[Data entries]
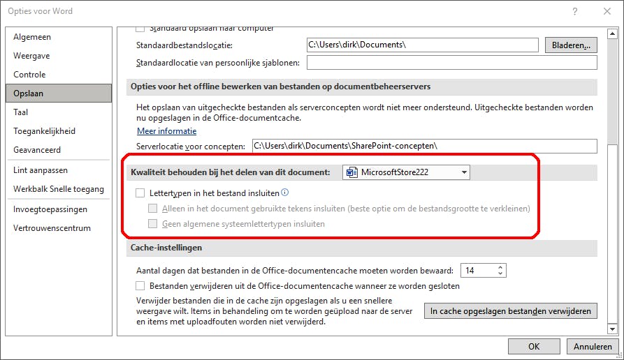 Soms gebruikt men ingebedde lettertypen, zodat anderen in staat zijn het document te lezen of af te drukken zoals de auteur het bedoelt. Ook hierdoor neemt de grootte van het bestand toe. Ga naar Bestand / Opties / Opslaan. Daar kun je de optie om de lettertypes in het bestand in te sluiten aan- en uitzetten.
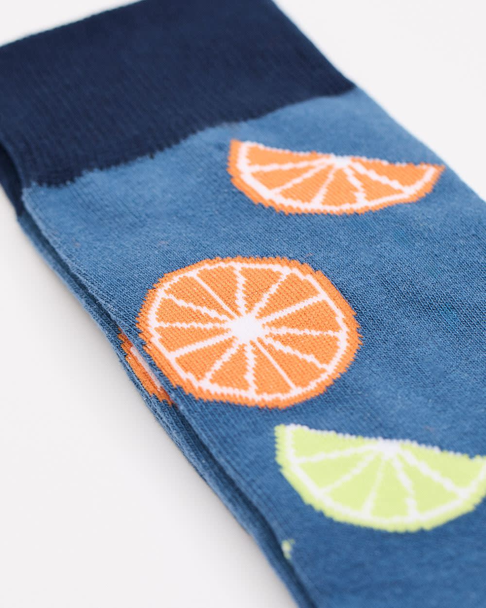Add some personality to your outfit with these men's blue cotton-blend socks featuring colourful citrus.
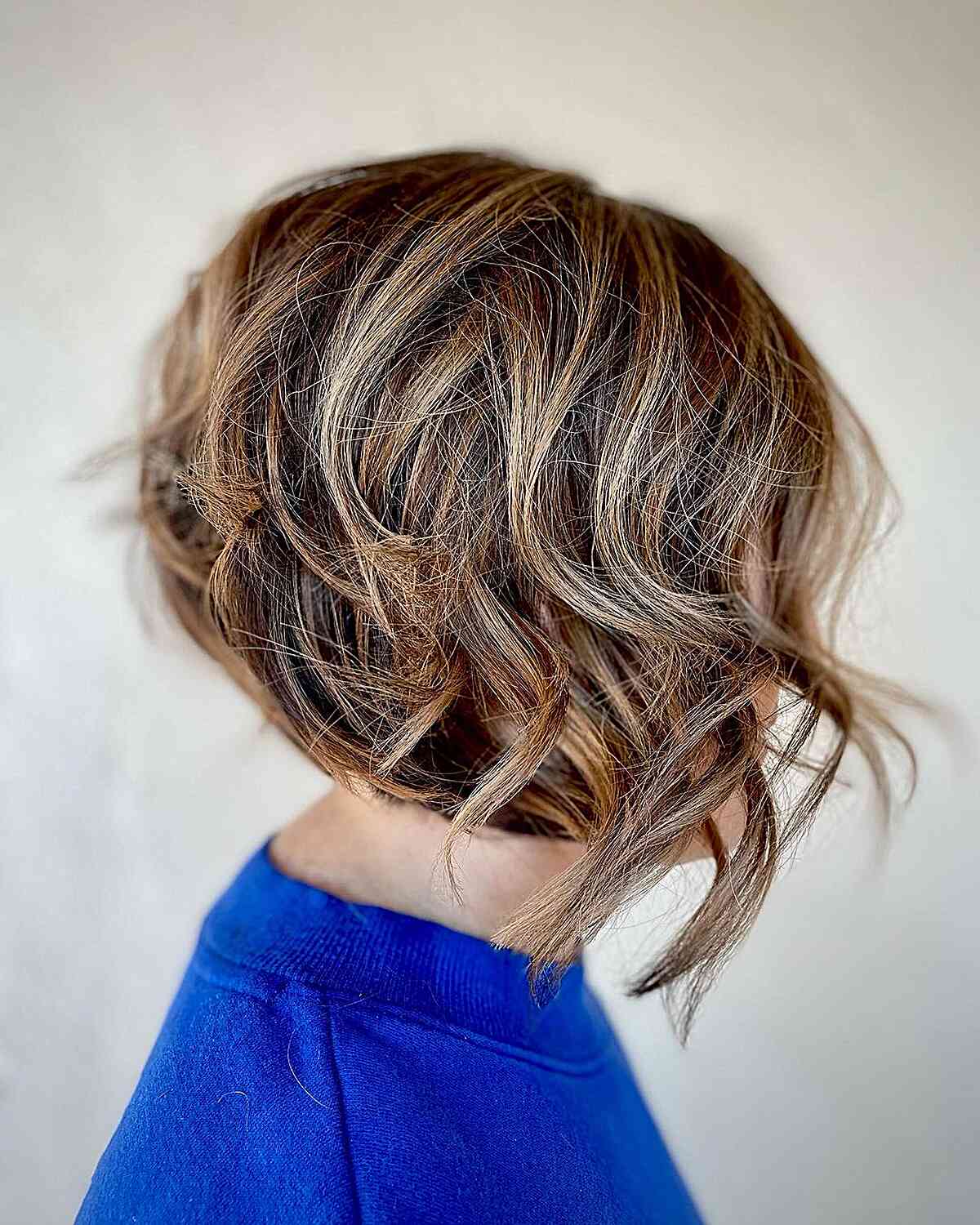 This tousled bob is a fun take on the classic, with curls that bring energy and fullness. The skillful mix of highlights and lowlights creates a caramel swirl effect that’s simply charming on medium to thick hair, offering the appearance of even more volume. While the style appears effortless, it will call for a good curl defining cream and possibly a light spritz to maintain the bounce. Perfect for a touch of fun, it’s a look that’s both relaxed and stylish, great for those who enjoy a bit of morning styling routine to keep those gorgeous curls in check.
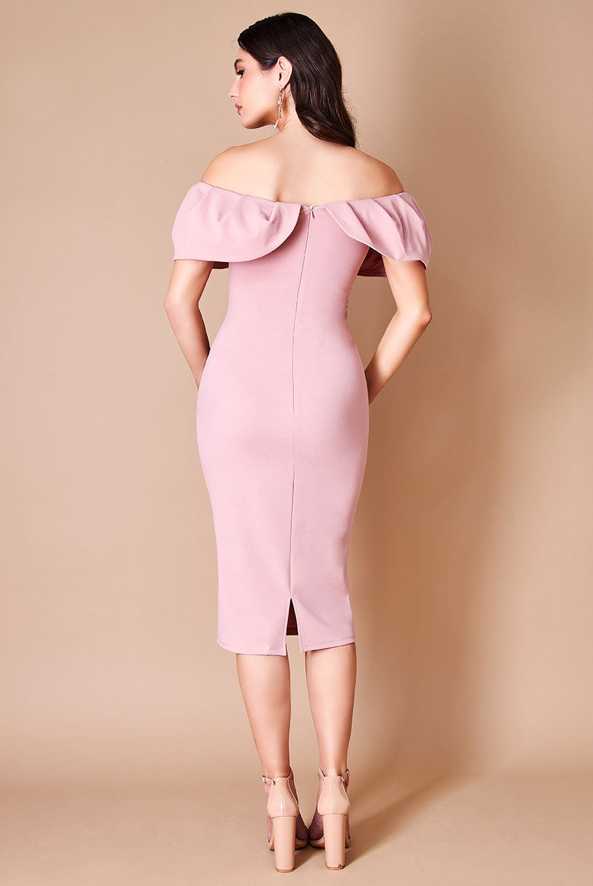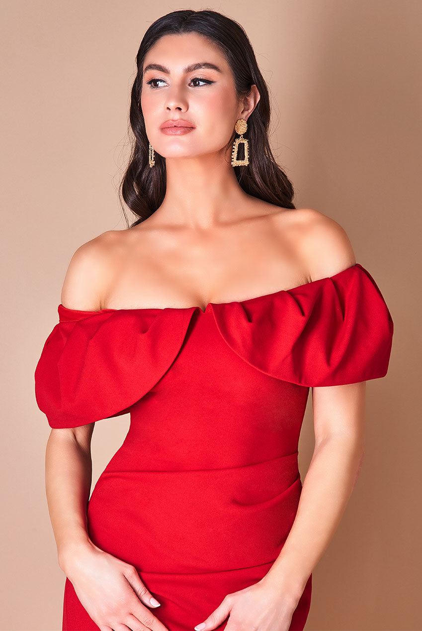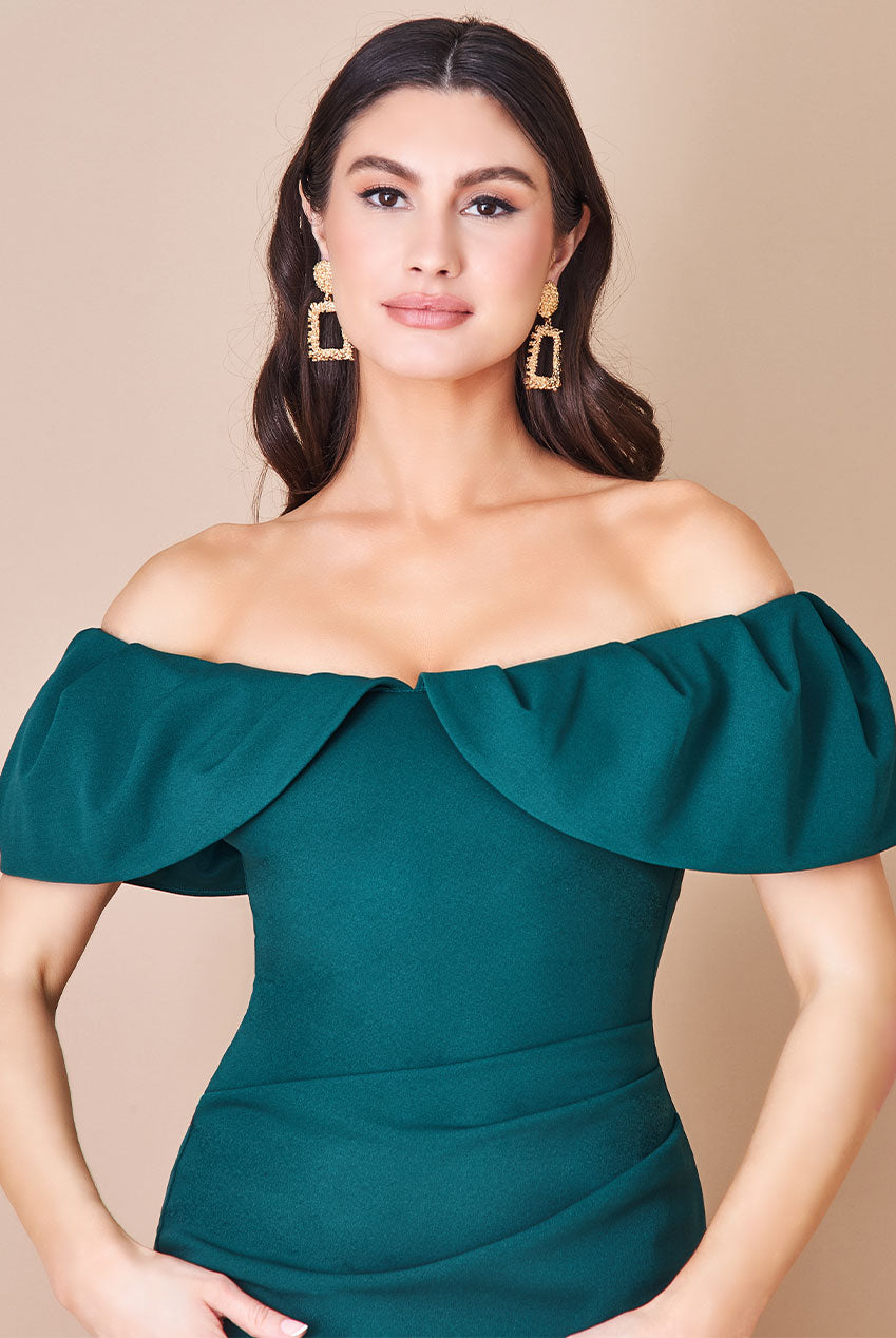 Goddiva Scuba Crepe Pleated Bardot Midi Dress
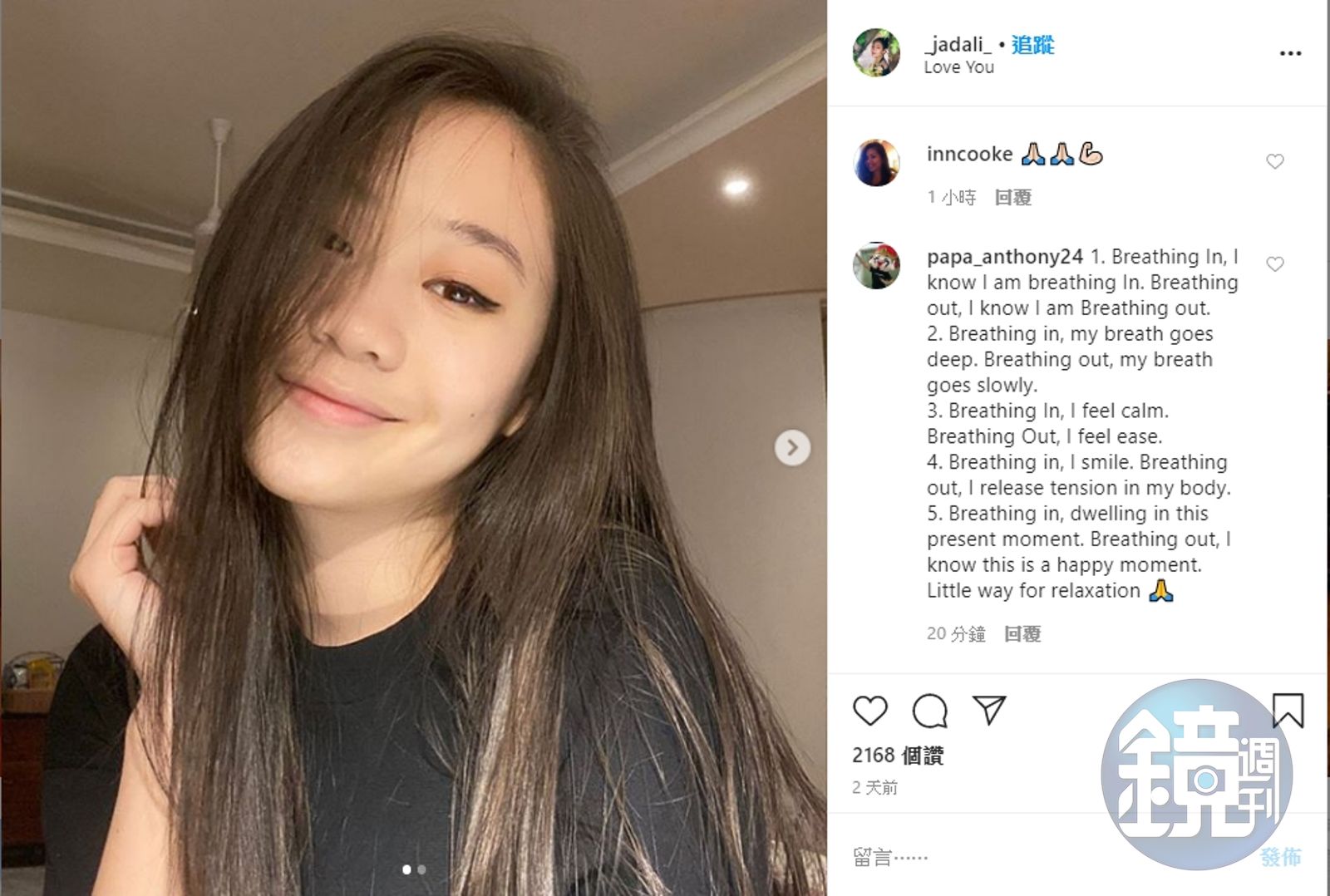 Jada上傳的自拍照,神情看似輕鬆,心情卻不愉悅,她表示,自己想說的話並不是讓人快樂的事,因為被迫隔離,心情相當憂鬱,她寫著:「隔離確實對我的心理健康造成傷害,我有焦慮和重度抑鬱症的長期病史,目前嚴重復發。」
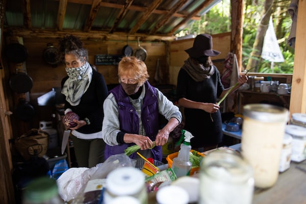 A volunteer named Cookie, centre, helps prepare meals.Jesse Winter/The Globe and Mail
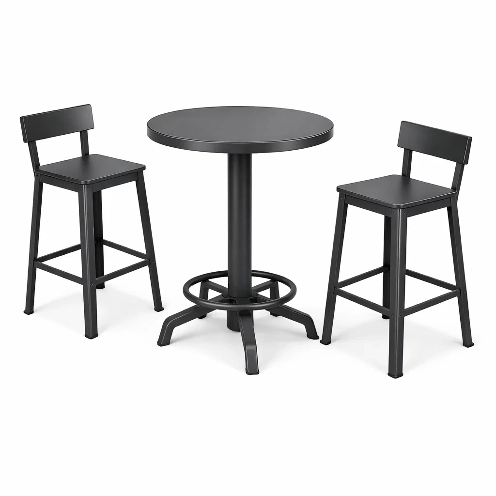 Ensemble bar de table et chaises hautes en métal noir 3 pièces
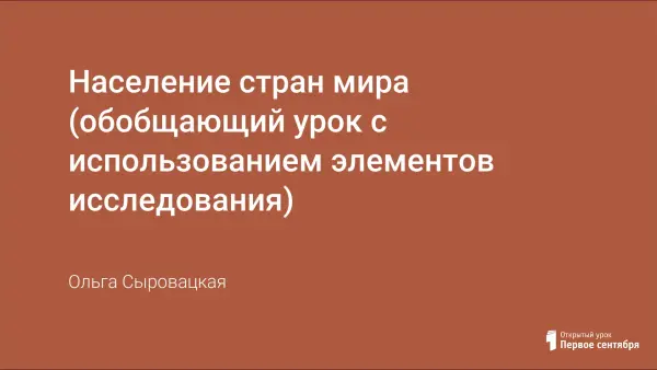 Урок предназначен для учителей географии при обобщении темы "Население стран мира". В него включены разнообразные вопросы по проверке знаний программного материала, умению проводить исследовательскую работу, а также дополнительный материал, который развивает интерес к предмету.
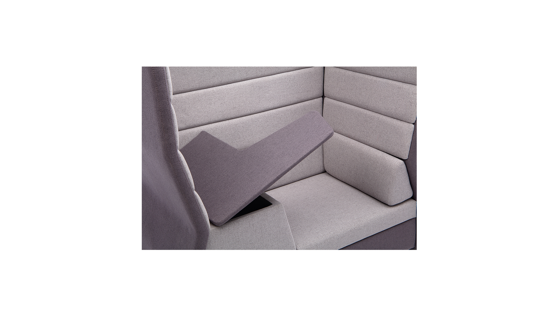 Столик;   Столик выполнен из фанеры и обтянут экокожей в цвет основного обивочного материала или по согласованию с заказчиком   ;  Шумоизоляция;   Конструкция модели обеспечивает прекрасное шумопоглощение   ;   Опоры;   Опоры дивана изготовлены из высокопрочной стали, цвет по умолчанию черный, возможна покраска по RAL по запросу
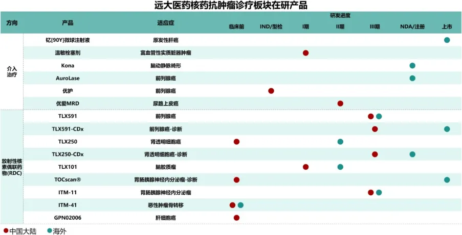 截至目前,远大医药是进入中国III期临床研究中诊断和治疗类RDC创新药总计储备最多的企业,也是全球范围内在核药抗肿瘤领域拥有最丰富产品管线和诊疗一体化布局的创新药企之一。
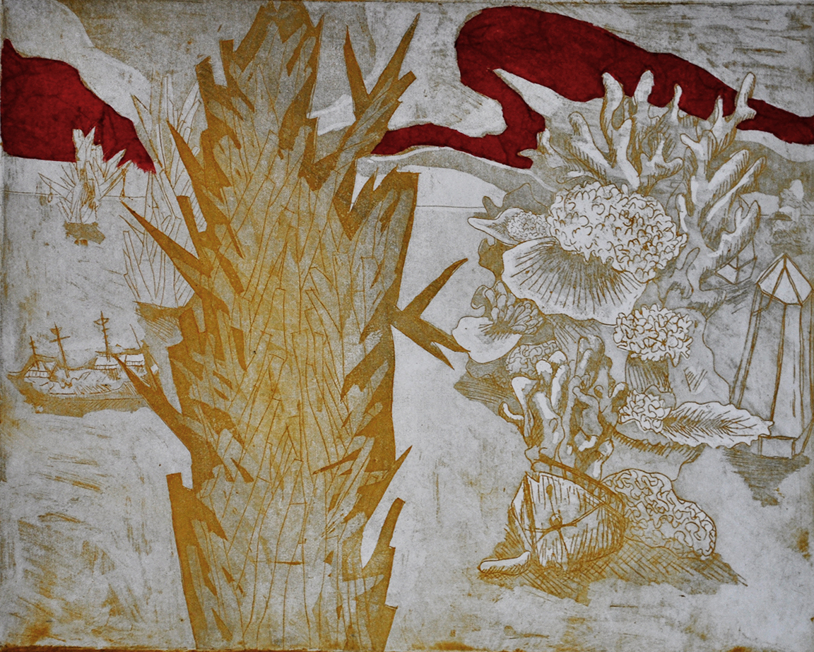 Intaglio print with chine-collé.

= Exercise directions =
Only the text of the records above is to be reproduced, exactly as given; the pictures are dropped.

= Problem solution =
 Soms gebruikt men ingebedde lettertypen, zodat anderen in staat zijn het document te lezen of af te drukken zoals de auteur het bedoelt. Ook hierdoor neemt de grootte van het bestand toe. Ga naar Bestand / Opties / Opslaan. Daar kun je de optie om de lettertypes in het bestand in te sluiten aan- en uitzetten.
Add some personality to your outfit with these men's blue cotton-blend socks featuring colourful citrus.
 This tousled bob is a fun take on the classic, with curls that bring energy and fullness. The skillful mix of highlights and lowlights creates a caramel swirl effect that’s simply charming on medium to thick hair, offering the appearance of even more volume. While the style appears effortless, it will call for a good curl defining cream and possibly a light spritz to maintain the bounce. Perfect for a touch of fun, it’s a look that’s both relaxed and stylish, great for those who enjoy a bit of morning styling routine to keep those gorgeous curls in check.
 Goddiva Scuba Crepe Pleated Bardot Midi Dress
 Jada上傳的自拍照,神情看似輕鬆,心情卻不愉悅,她表示,自己想說的話並不是讓人快樂的事,因為被迫隔離,心情相當憂鬱,她寫著:「隔離確實對我的心理健康造成傷害,我有焦慮和重度抑鬱症的長期病史,目前嚴重復發。」
 A volunteer named Cookie, centre, helps prepare meals.Jesse Winter/The Globe and Mail
 Ensemble bar de table et chaises hautes en métal noir 3 pièces
 Урок предназначен для учителей географии при обобщении темы "Население стран мира". В него включены разнообразные вопросы по проверке знаний программного материала, умению проводить исследовательскую работу, а также дополнительный материал, который развивает интерес к предмету.
 Столик;   Столик выполнен из фанеры и обтянут экокожей в цвет основного обивочного материала или по согласованию с заказчиком   ;  Шумоизоляция;   Конструкция модели обеспечивает прекрасное шумопоглощение   ;   Опоры;   Опоры дивана изготовлены из высокопрочной стали, цвет по умолчанию черный, возможна покраска по RAL по запросу
 截至目前,远大医药是进入中国III期临床研究中诊断和治疗类RDC创新药总计储备最多的企业,也是全球范围内在核药抗肿瘤领域拥有最丰富产品管线和诊疗一体化布局的创新药企之一。
 Intaglio print with chine-collé.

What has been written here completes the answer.